- British theatrical release poster
- Directed by: Kevin Macdonald
- Written by: Dennis Kelly
- Produced by: Charles Steel; Kevin Macdonald;
- Starring: Jude Law; Scoot McNairy; Ben Mendelsohn; David Threlfall;
- Cinematography: Christopher Ross
- Edited by: Justine Wright
- Music by: Ilan Eshkeri
- Production companies: Film4; Cowboy Films; Etalon Film;
- Distributed by: Focus Features (United States) Universal Pictures (United Kingdom) Sierra/Affinity (International)
- Release dates: 5 December 2014 (UK); 23 January 2015 (US);
- Running time: 115 minutes
- Countries: United Kingdom; United States;
- Languages: English Russian
- Box office: $1.6 million

= Black Sea (2014 film) =

2014 film directed by Kevin Macdonald

Black Sea is a 2014 submarine disaster thriller film directed by Kevin Macdonald, written by Dennis Kelly, and starring Jude Law, Scoot McNairy, Ben Mendelsohn, and David Threlfall.
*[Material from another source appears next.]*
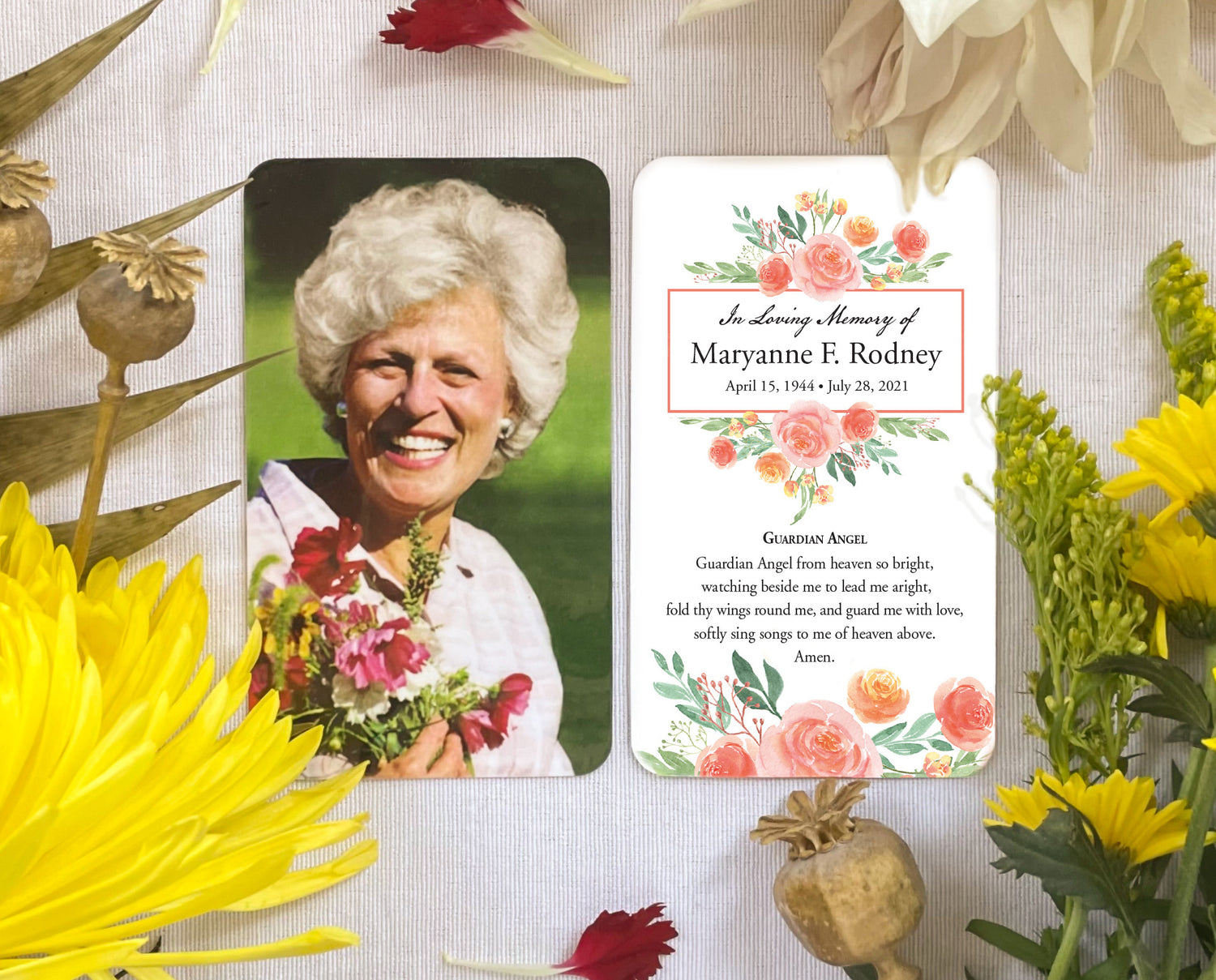 Coping with the loss of a loved one is a painful and difficult experience for anyone to endure. By sending your family and friends a personalized custom printed and laminated Memorial Prayer Card you pay a lasting tribute to your loved one.

The film was released in the United Kingdom on 5 December 2014, and in the United States on 23 January 2015.

==Plot==
Robinson, a veteran captain of underwater salvage vessels, who is divorced and estranged from his young son, is made redundant by his firm Agora along with his friends Kurston and Blackie. A depressed Kurston informs them that he has come into possession of information that Agora had found the wreck of a Type VIIC U-boat from World War II that sank off the coast of Georgia carrying a cargo of gold worth millions, but were unable to salvage it due to territorial disputes following the Russo-Georgian War.
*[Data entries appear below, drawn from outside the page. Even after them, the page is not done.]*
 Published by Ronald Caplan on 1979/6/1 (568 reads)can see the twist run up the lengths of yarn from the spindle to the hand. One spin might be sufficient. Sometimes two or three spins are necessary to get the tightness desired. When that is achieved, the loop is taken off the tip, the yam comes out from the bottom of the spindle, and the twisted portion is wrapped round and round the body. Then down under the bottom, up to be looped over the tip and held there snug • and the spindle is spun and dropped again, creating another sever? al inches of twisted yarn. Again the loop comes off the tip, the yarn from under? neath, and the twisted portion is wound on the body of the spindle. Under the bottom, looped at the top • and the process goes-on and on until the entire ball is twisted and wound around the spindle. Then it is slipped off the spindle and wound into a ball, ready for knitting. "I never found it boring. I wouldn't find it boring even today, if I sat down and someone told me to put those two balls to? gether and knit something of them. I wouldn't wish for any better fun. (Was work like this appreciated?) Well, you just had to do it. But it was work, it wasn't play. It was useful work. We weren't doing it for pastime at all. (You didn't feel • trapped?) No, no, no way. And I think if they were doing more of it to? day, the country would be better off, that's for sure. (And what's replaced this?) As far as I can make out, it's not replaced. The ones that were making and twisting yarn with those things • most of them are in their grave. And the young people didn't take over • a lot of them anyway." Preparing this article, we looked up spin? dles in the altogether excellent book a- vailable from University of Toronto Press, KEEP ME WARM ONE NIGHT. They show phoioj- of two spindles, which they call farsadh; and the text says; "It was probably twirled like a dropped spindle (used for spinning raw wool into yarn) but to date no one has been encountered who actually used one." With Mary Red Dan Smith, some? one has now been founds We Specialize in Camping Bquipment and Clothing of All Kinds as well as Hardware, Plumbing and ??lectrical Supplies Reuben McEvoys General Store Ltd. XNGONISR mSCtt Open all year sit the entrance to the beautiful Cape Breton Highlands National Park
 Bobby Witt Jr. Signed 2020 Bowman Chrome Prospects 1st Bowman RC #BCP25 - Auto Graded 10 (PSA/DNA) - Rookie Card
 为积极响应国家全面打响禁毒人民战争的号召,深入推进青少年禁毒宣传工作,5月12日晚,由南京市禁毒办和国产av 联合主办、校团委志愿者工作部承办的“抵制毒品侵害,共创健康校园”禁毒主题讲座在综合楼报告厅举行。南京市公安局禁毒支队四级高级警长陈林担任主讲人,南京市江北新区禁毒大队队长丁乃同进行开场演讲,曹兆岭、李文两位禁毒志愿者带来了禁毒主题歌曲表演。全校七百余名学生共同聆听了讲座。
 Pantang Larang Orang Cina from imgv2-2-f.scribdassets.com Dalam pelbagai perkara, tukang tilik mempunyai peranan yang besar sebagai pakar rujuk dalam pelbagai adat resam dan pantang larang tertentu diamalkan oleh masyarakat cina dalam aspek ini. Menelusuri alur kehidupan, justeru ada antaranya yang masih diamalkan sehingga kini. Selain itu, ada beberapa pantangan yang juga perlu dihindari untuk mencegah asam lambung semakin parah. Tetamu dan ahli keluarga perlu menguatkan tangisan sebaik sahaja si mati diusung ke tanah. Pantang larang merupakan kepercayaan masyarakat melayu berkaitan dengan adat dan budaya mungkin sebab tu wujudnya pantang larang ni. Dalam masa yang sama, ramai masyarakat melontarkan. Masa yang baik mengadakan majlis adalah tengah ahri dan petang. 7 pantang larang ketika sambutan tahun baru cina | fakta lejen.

Robinson and Blackie meet with a mysterious man named Lewis, who agrees to fund their expedition to recover the gold in exchange for a substantial share of the profits and orders his executive Daniels to accompany the expedition. Robinson encounters a young man, Tobin, who claims to be a friend of Kurston and informs Robinson of Kurston's suicide. Robinson decides to take Tobin along on the expedition. A half-British, half-Russian crew is assembled with each man promised an equal share of the spoils. They travel to the Port of Sevastopol in Crimea and acquire an antiquated . The Russians view the young Tobin as a bad omen, mistakenly assuming he is a virgin when he is in fact an expecting father.
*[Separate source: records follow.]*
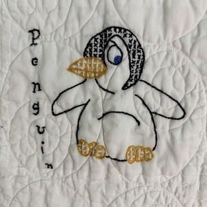 Discover a charming handcrafted quilt bursting with playful zoo animals, perfect for cuddling and decorating a little one's space. Each square showcases delightful embroidered creatures like a giraffe, zebra, snake, hippo, elephant, panda, lion, monkey, penguin, and seal, each accompanied by its name. The soft white fabric is gently quilted with a swirling pattern, creating a cozy texture that invites touch. This whimsical quilt is ideal for nursery decor, tummy time, or stroller rides, bringing the joy of the zoo to everyday moments.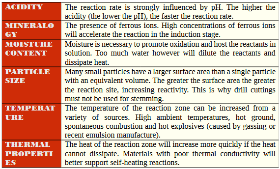 In a mining environment there will be multiple minerals and chemicals that act to inhibit or catalyse the reactivity of ammonium nitrate and sulphides. While water is necessary for the reaction to occur, too much water can dissolve the reactant products and dissipate heat, slowing or preventing the reaction from occurring. It is important to understand the reactions that are taking place to best apply your test results to your site, however it is prudent from a risk management perspective to assume the worst-case environment and mitigate the risk of a reactive ground event via comprehensive risk management.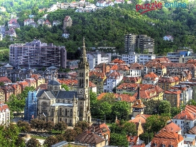 Miasto, Domy, Niemcy, Stuttgart, Kościół

With only Blackie speaking both Russian and English, communication difficulties lead to mounting tensions that culminate in a fight in which Fraser stabs Blackie in the chest. In the chaos, a fire breaks out, causing an explosion that cripples the sub, killing Blackie and Gittens, a British crew member, and knocking Robinson unconscious. He awakens 18 hours later to find the Russians have taken over half of the boat, with the British in the other half. The damaged vessel lies on the sea floor and its drive shaft is unusable, but sonar scans indicate they are close to the old U-boat and may be able to salvage and appropriate its drive shaft, as the Soviet submarine was based on the U-boat design. Robinson discovers another Russian crewman, Morozov, speaks English.

Fraser, Peters, and Tobin traverse the sea bed and to their delight discover the wreck of the U-boat. They recover the drive shaft along with the gold but Peters is killed when he falls down a trench and his air hose is accidentally severed. The crew complete repairs and the sub resumes its journey. Before they surface, Daniels admits to Robinson that the men are heading into a trap; their previous employer Agora deliberately leaked the details of the U-boat's location to them via Kurston, who is in fact alive, in the hope that they would salvage the gold, leaving Agora to claim it after the men are captured by the waiting Russian Navy. Robinson decides to remain submerged and travel to Samsun in Turkey, necessitating a risky journey through a narrow trench to avoid their pursuers. Daniels, desperate for rescue, persuades Fraser to murder Zaytsev, the engine mechanic, thus forcing Robinson's hand since there are no longer enough men to safely operate the sub. A second explosion sends the sub back to the seafloor and pierces the hull.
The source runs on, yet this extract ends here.